Freddie Mac posts $1.7B loss for Q4

Government-controlled mortgage buyer Freddie Mac managed a narrower loss of $1.7 billion for the October-December quarter of last year. But it has asked for an additional $500 million in federal aid — up from the $100 million it sought in the previous quarter.

Freddie Mac also posted a $19.8 billion loss for all of 2010.

The government rescued Freddie Mac and sibling company Fannie Mae in September 2008 to cover their losses on soured mortgage loans. It estimates the bailouts will cost taxpayers as much as $259 billion.

Freddie Mac's October-December loss attributable to common stockholders works out to 53 cents a share. It takes into account $1.6 billion in dividend payments to the government. It compares with a loss of $7.8 billion, or $2.39 a share, in the fourth quarter of 2009.

The company said the recovery of the housing market is still fragile.

"As we begin 2011, the housing recovering remains vulnerable to high levels of unemployment, delinquencies and foreclosures," Chief Executive Charles Haldeman said in a statement. "We expect national home prices to decline this year as housing will continue to take some time to recover."

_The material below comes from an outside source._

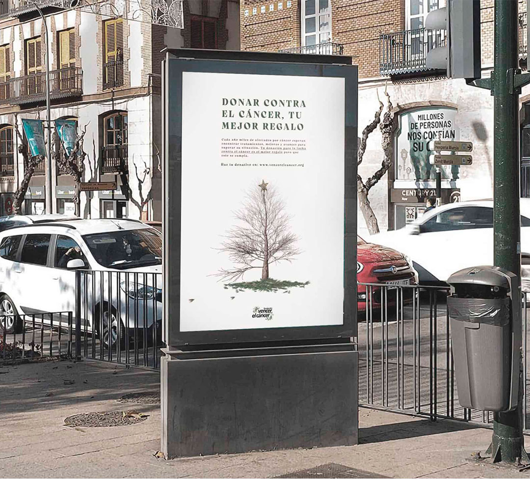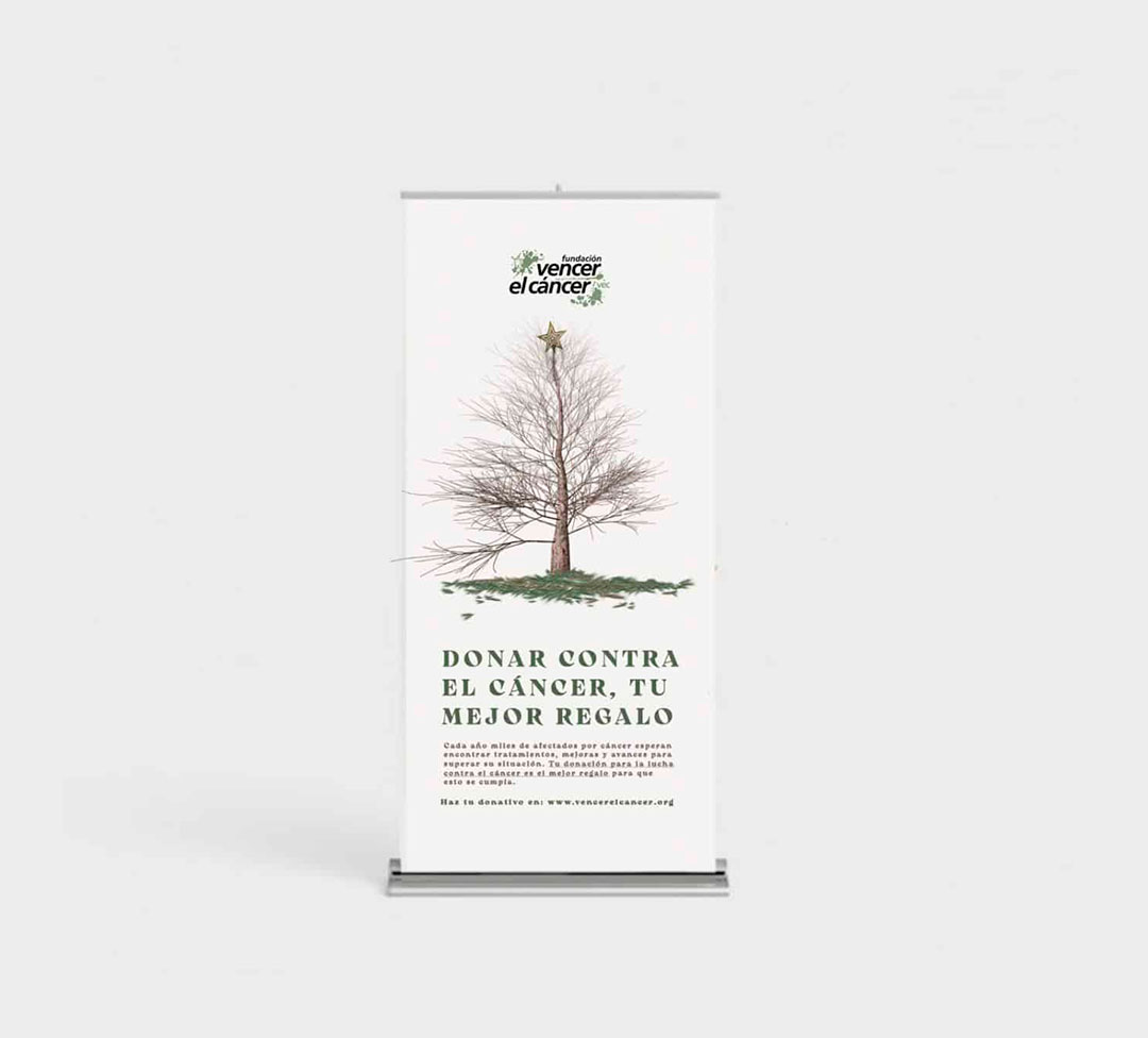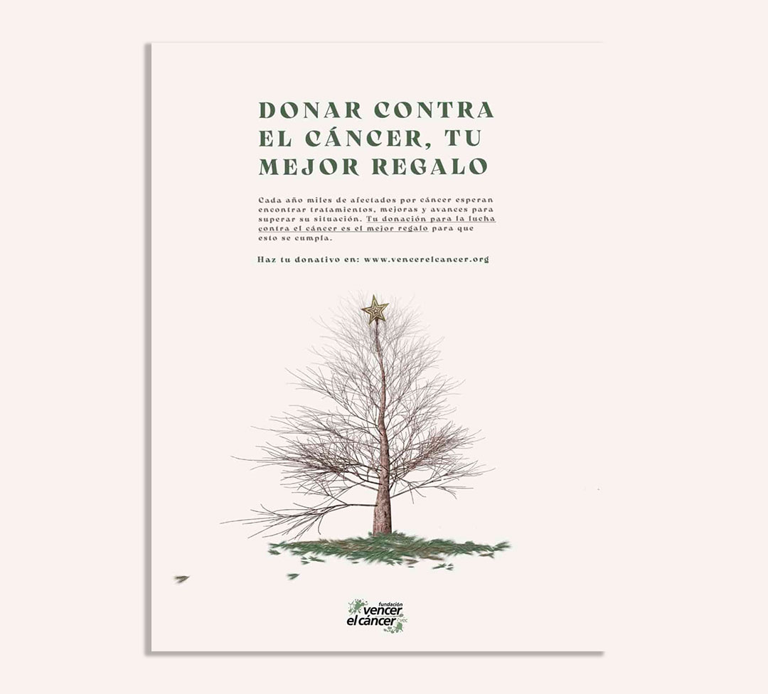 Si buscas a acertar con un regalo perfecto en navidades, la donación para la lucha contra el cáncer es tu mejor opción. Un concepto visual en el que las hojas del carbol de navidad aluden a la caída del pelo como consecuencia de los tratamientos contra el cáncer.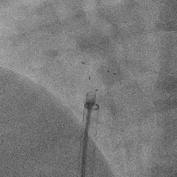 逆时针旋转钢缆释放封堵器,5个Mark点聚拢

Fannie Mae and Freddie Mac own or guarantee about half of all mortgages in the U.S., or nearly 31 million home loans worth more than $5 trillion. Along with other federal agencies, they played some part in almost 90 percent of new mortgages over the past year.

Fannie and Freddie buy home loans from banks and other lenders, package them into bonds with a guarantee against default and sell them to investors around the world.

The government's estimated cost of bailing out the mortgage giants far exceeds the $132.3 billion they have received from taxpayers so far. That would make theirs the costliest bailout of the financial crisis.

The two have been hit by massive losses on risky mortgages purchased from 2005 through 2008. The companies have tightened their lending standards after those loans started to go bad. Default rates on new loans are far lower.

The Obama administration unveiled a plan earlier this month to slowly dissolve the two mortgage giants. The aim is to shrink the government's role in the mortgage system. The proposal would remake decades of federal policy aimed at getting Americans to buy homes and probably would make home loans more expensive.

Exactly how far the government's role in mortgages would be reduced was left to Congress to decide. But all three options the administration presented would create a housing finance system that relies far more on private money.